The Indian woman avoided the girl's eyes.
"I like him," she answered.
"Mother!"
"Maybe he stay all time." Her tone was stubborn, as though she expected and was prepared to resist an attack.
"You don't--you can't--mean it!". Susie's thin face flushed scarlet with shame.
"Sa-ah," the woman nodded, "I mean it;" and Susie, staring at her in a kind of terror, saw that she did.
"Oh, Mother! Mother!" she cried passionately, dropping on the floor at the woman's feet and clasping her arms convulsively about the Indian woman's knees. "Don't--don't say that! We've always been a little different from the rest. We've always held our heads up. People like us and respect us--both Injuns and white. We've never been talked about--you and me--and now you are going to spoil it all!"
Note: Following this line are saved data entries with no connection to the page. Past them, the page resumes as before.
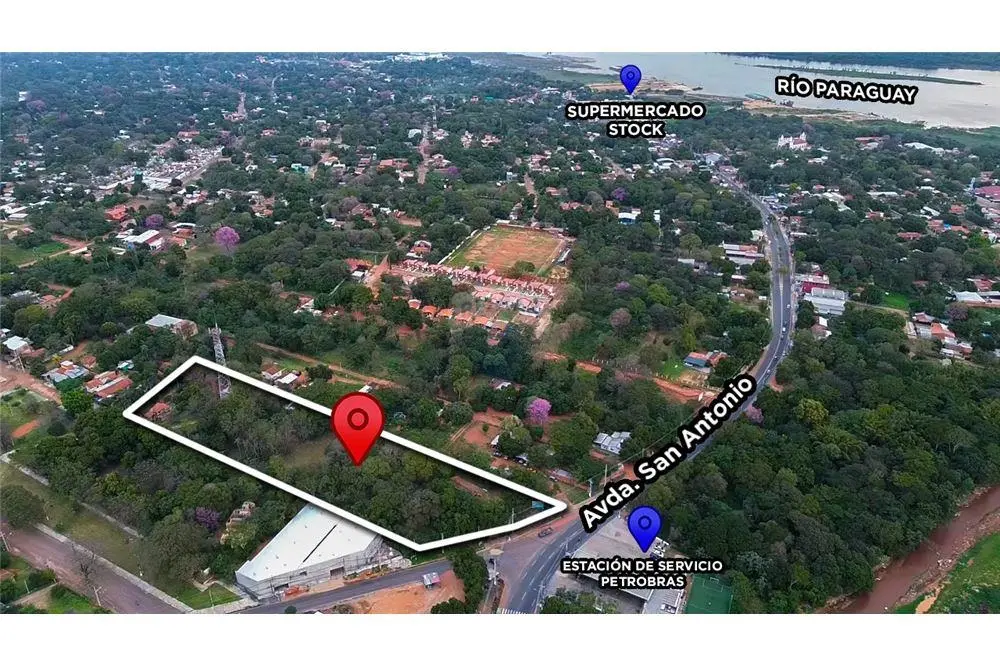 Con sus 66 mts. de frente sobre la Avenida San Antonio, su acceso de calle a calle, en la precisa intersección con la calle Cabo 7 Silvio Ovelar que conecta al centro de Ñemby y acceso Sur, y con un denso tráfico en frente todo el día, una exposición y visibilidad máximas, este terreno es ideal para cualquier emprendimiento comercial, especialmente de retail!!
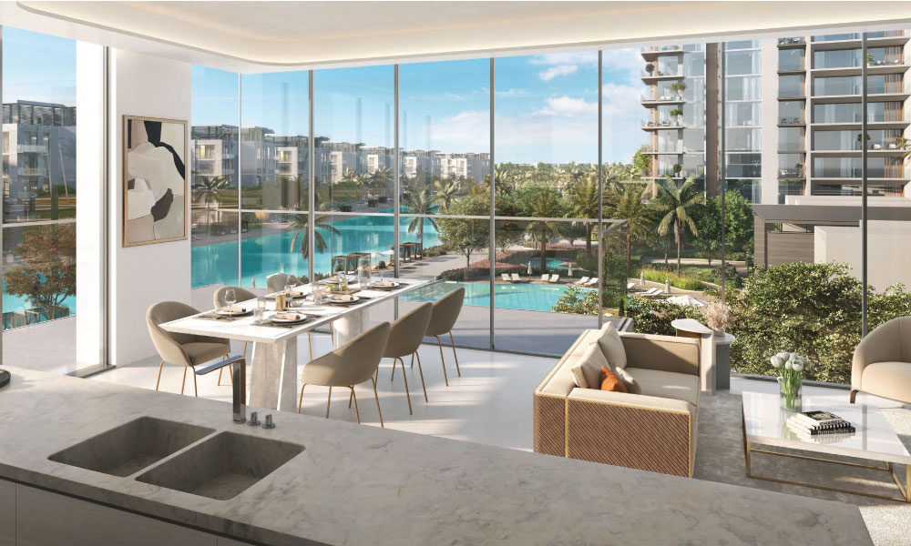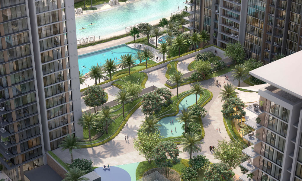 Sophisticated kitchens with premium appliances., Prime location in Mohammed Bin Rashid Al Maktoum City, near major landmarks., Exclusive waterfront living with crystal lagoon access., Abundant amenities for a healthy lifestyle., Luxurious interiors with high-end finishes., Vibrant community atmosphere for families., Over 8.4 KM of cycling/running tracks., Green living with over 60% open spaces., Water sports, kayaking, paddle boarding available., Child-friendly play areas and shaded pools., Inspiring lagoon and skyline views., Secure, 24/7 monitored lobbies., State-of-the-art, fully equipped fitness center.
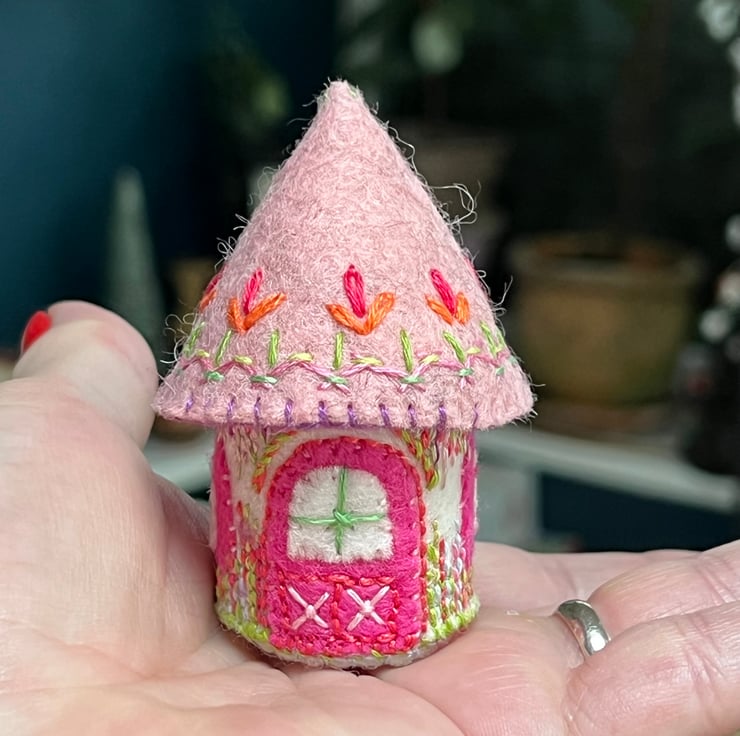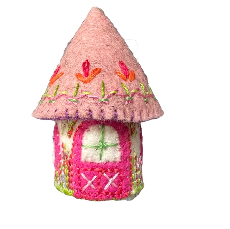 This Fairy cottage is covered in bright jewel coloured hand embroidery. The fully lined roof comes off to reveal a tiny pot in which to place a tooth for the Tooth Fairy to magically convert into money by the following morning.

"I get tied up to him right," defended the woman sullenly.
"Oh, Mother!" wailed the child.
"We need good white man to run de ranch."
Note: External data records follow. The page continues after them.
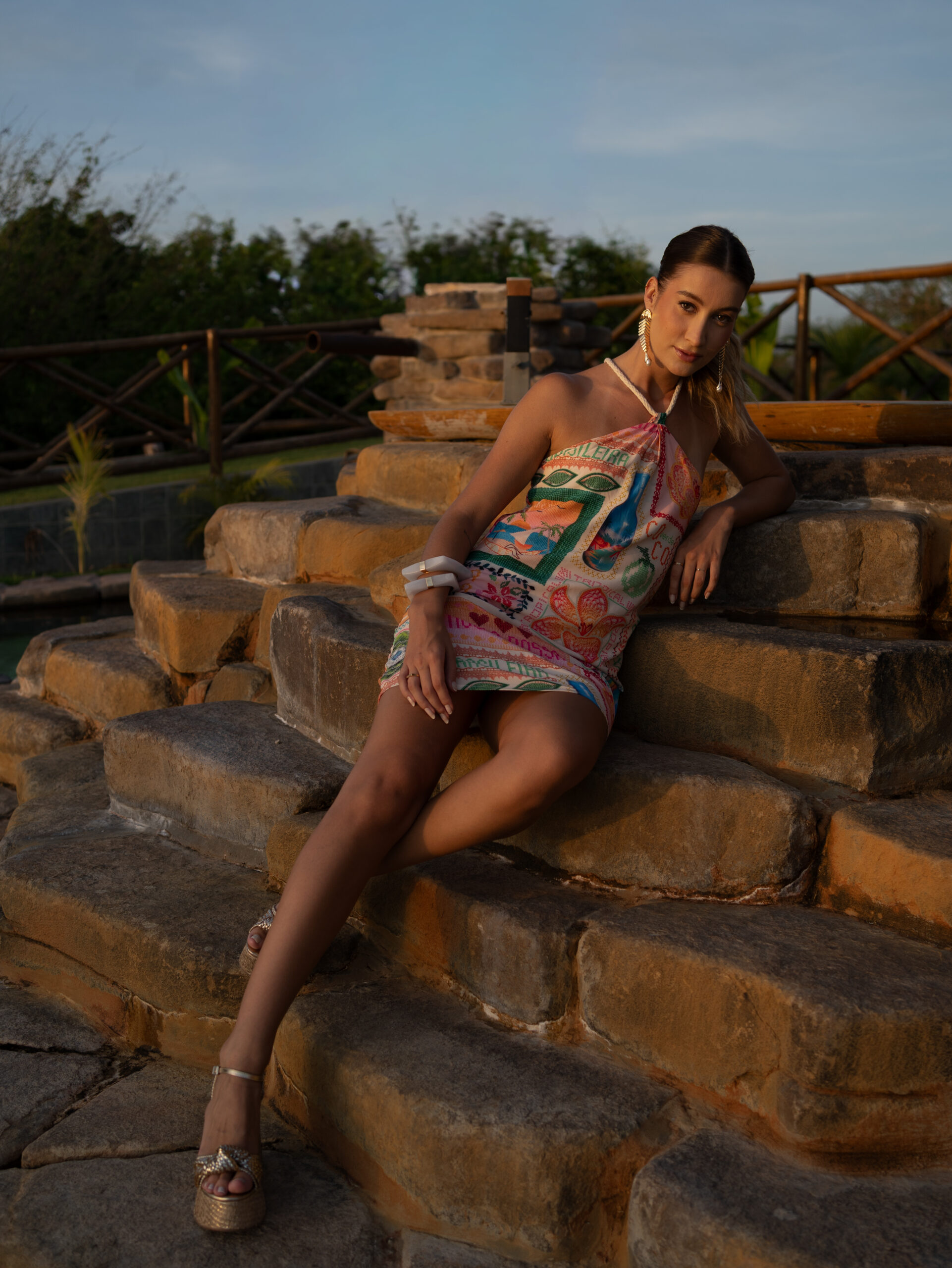 Vestido curto estampado. Com alças em corda natural, o decote halter une conforto e estilo em uma peça única. O corte soltinho traz leveza, ideal para momentos casuais ou um passeio ao ar livre. Confeccionado em tecido leve, é perfeito para dias de calor.
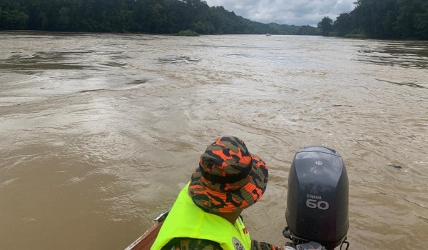 Pasukan bomba melakukan operasi mencari dan menyelamat seorang lelaki yang dikhuatiri lemas di Sungai Rajang,Kapit/Foto Bomba
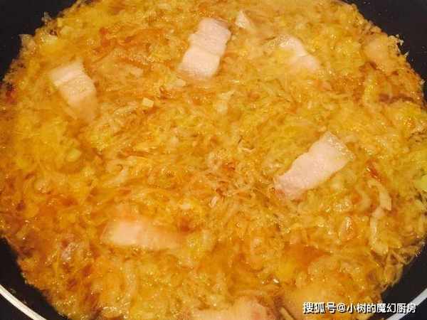 2、酸菜提前冲洗一遍,攥干水分,放入五花肉中一起煸炒,调味放

"But Smith--do you think he's good? Good! Is a rattlesnake good? Can't you see what he is, Mother?--you who are smarter than me in seeing through people? He's mean--onery to the marrow--and some day sure--sure--he'll turn, and strike his fangs into you."
"He no onery," the woman replied, in something like anger.
"It's his nature," Susie went on, without heeding her. "He can't help it. All his thoughts and talk and schemes are about something crooked. Can't you tell by the things he lets drop that he ought to be in the 'pen'? He's treacherous, ungrateful, a born thief. I saw him take Tubbs's halter, and there was the regular thief look in his eyes when he cut his own name on it. I saw him kick a dog, and he kicked it like a brute. He kicked it in the ribs with his toe. Men--decent men--kick a dog with the side of their foot. I saw his horse fall with him, and he held it down and beat it on the neck with a chain, where it wouldn't show. He'd hold up a bank or rob a woman; he'd kill a man or a prairie-dog, and think no more of the one than the other.
"I tell you, Mother, as sure as I sit here on the floor at your feet, begging you, he's going to bring us trouble; he's going to deal us misery! I feel it! I know it!"
"You no like de white man."
"That's right; I don't like the white man. He wants a good place to stay; he wants your horses and cattle and hay; and--he wants the Schoolmarm. He's making a fool of you, Mother."
"He no make fool of me," she answered complacently. "He make fool of de white woman, maybe."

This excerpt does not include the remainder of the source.